*Data for this task*.
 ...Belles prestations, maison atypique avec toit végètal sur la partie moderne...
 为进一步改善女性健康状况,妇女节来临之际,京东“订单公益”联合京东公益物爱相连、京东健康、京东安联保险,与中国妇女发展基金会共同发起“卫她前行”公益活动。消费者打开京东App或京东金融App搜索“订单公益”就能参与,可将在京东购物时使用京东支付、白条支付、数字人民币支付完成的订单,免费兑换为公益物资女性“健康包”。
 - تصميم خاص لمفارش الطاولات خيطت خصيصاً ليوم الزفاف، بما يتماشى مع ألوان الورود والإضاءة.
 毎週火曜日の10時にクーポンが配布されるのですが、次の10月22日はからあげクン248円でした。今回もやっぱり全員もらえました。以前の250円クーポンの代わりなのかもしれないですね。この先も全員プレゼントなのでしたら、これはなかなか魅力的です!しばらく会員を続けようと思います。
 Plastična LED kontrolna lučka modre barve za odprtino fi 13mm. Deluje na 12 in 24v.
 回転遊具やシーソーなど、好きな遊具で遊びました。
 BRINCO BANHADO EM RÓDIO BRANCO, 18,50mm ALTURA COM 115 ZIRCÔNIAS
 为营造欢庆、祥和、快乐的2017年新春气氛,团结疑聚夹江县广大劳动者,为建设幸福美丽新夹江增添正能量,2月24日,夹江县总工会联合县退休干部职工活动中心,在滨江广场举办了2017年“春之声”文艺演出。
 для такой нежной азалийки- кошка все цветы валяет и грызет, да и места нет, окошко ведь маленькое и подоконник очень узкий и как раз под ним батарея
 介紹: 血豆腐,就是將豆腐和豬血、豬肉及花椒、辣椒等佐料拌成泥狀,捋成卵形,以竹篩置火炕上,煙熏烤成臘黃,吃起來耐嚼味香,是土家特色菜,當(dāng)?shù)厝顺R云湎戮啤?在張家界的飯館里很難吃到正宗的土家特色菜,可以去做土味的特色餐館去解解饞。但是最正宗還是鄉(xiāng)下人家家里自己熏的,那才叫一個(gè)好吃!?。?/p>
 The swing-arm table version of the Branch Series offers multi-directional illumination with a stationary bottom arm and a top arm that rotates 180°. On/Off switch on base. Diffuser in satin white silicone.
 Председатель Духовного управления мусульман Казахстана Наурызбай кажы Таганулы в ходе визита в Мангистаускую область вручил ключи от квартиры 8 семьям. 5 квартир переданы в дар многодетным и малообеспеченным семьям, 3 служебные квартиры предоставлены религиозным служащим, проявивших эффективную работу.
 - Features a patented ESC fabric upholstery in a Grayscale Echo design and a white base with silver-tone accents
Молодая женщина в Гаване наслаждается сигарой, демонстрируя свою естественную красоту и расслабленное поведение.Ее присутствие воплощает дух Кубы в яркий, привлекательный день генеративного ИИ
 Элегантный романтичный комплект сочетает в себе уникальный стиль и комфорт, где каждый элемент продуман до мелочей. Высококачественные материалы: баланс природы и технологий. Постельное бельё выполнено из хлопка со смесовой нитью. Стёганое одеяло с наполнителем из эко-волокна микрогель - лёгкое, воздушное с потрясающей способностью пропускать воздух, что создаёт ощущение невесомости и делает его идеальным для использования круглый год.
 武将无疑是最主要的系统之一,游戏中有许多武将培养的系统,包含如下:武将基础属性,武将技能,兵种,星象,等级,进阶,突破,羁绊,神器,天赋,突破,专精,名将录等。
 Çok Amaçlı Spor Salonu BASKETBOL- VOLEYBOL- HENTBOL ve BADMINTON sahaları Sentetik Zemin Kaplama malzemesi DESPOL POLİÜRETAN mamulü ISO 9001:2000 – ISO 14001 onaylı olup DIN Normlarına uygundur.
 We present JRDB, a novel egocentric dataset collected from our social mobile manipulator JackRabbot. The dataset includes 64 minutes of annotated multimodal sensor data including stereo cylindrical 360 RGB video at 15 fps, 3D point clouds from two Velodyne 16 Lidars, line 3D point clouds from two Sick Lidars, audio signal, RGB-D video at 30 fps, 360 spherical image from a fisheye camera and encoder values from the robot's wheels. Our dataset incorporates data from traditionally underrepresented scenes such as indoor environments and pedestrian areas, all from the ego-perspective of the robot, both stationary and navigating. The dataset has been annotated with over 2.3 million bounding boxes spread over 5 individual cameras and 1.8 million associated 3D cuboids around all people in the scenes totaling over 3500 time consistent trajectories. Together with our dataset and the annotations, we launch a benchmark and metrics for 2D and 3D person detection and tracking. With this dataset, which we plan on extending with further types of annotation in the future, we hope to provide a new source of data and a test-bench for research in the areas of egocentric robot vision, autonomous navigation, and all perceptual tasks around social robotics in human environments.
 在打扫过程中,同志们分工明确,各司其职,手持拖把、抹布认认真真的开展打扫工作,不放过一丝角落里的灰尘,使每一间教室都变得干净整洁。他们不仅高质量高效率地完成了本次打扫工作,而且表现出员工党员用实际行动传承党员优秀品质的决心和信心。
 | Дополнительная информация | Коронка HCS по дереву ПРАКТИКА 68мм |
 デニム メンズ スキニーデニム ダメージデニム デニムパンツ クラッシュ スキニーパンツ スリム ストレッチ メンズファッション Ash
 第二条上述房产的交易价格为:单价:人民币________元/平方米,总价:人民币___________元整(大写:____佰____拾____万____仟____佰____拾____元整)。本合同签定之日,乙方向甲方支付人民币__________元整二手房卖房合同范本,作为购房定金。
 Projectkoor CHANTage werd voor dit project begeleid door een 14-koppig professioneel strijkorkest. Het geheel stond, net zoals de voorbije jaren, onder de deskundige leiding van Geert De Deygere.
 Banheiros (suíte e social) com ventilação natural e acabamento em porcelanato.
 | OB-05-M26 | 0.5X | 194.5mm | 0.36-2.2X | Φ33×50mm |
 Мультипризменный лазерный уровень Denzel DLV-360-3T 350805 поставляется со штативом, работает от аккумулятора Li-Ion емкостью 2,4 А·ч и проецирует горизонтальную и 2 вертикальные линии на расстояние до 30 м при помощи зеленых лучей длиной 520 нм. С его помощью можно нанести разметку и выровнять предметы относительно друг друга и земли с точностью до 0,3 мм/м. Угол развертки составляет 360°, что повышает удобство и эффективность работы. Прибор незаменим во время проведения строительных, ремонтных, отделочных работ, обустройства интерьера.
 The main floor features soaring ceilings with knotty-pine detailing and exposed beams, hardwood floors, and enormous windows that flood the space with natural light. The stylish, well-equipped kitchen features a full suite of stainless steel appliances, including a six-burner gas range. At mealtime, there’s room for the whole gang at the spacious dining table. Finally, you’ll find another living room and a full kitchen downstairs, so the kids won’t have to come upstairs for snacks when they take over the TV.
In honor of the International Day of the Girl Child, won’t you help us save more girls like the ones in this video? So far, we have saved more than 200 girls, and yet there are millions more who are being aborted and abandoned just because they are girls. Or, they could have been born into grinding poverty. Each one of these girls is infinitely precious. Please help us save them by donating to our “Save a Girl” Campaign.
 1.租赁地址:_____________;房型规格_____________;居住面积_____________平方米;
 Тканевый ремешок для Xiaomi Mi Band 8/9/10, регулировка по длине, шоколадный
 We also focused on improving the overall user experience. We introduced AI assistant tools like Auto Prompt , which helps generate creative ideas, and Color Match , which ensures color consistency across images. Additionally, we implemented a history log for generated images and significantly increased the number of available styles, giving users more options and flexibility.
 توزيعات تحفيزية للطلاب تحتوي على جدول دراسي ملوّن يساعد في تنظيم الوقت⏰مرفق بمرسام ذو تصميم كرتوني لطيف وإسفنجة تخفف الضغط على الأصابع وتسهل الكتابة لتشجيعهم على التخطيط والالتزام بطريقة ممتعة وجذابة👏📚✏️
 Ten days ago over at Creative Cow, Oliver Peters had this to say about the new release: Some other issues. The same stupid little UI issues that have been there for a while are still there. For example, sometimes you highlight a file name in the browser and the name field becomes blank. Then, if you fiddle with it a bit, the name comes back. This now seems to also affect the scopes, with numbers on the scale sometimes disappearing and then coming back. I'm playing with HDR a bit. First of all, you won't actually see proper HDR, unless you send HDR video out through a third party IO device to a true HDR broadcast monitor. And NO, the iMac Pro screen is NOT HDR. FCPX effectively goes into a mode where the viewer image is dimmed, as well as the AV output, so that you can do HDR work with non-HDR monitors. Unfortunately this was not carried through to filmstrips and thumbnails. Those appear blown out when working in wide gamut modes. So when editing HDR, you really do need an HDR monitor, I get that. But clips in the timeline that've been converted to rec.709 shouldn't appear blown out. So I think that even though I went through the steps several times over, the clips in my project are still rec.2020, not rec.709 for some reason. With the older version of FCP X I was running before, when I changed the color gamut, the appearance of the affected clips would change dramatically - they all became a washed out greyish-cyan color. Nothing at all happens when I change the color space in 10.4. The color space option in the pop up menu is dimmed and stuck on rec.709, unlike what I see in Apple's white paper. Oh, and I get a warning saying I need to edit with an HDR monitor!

*Your assignment*. Copy verbatim, from the listing above, each line from the one containing "Plastična LED kontrolna" down to the one containing "Молодая женщина в", inclusive.

*Solution to this task*.
 Plastična LED kontrolna lučka modre barve za odprtino fi 13mm. Deluje na 12 in 24v.
 回転遊具やシーソーなど、好きな遊具で遊びました。
 BRINCO BANHADO EM RÓDIO BRANCO, 18,50mm ALTURA COM 115 ZIRCÔNIAS
 为营造欢庆、祥和、快乐的2017年新春气氛,团结疑聚夹江县广大劳动者,为建设幸福美丽新夹江增添正能量,2月24日,夹江县总工会联合县退休干部职工活动中心,在滨江广场举办了2017年“春之声”文艺演出。
 для такой нежной азалийки- кошка все цветы валяет и грызет, да и места нет, окошко ведь маленькое и подоконник очень узкий и как раз под ним батарея
 介紹: 血豆腐,就是將豆腐和豬血、豬肉及花椒、辣椒等佐料拌成泥狀,捋成卵形,以竹篩置火炕上,煙熏烤成臘黃,吃起來耐嚼味香,是土家特色菜,當(dāng)?shù)厝顺R云湎戮啤?在張家界的飯館里很難吃到正宗的土家特色菜,可以去做土味的特色餐館去解解饞。但是最正宗還是鄉(xiāng)下人家家里自己熏的,那才叫一個(gè)好吃!?。?/p>
 The swing-arm table version of the Branch Series offers multi-directional illumination with a stationary bottom arm and a top arm that rotates 180°. On/Off switch on base. Diffuser in satin white silicone.
 Председатель Духовного управления мусульман Казахстана Наурызбай кажы Таганулы в ходе визита в Мангистаускую область вручил ключи от квартиры 8 семьям. 5 квартир переданы в дар многодетным и малообеспеченным семьям, 3 служебные квартиры предоставлены религиозным служащим, проявивших эффективную работу.
 - Features a patented ESC fabric upholstery in a Grayscale Echo design and a white base with silver-tone accents
Молодая женщина в Гаване наслаждается сигарой, демонстрируя свою естественную красоту и расслабленное поведение.Ее присутствие воплощает дух Кубы в яркий, привлекательный день генеративного ИИ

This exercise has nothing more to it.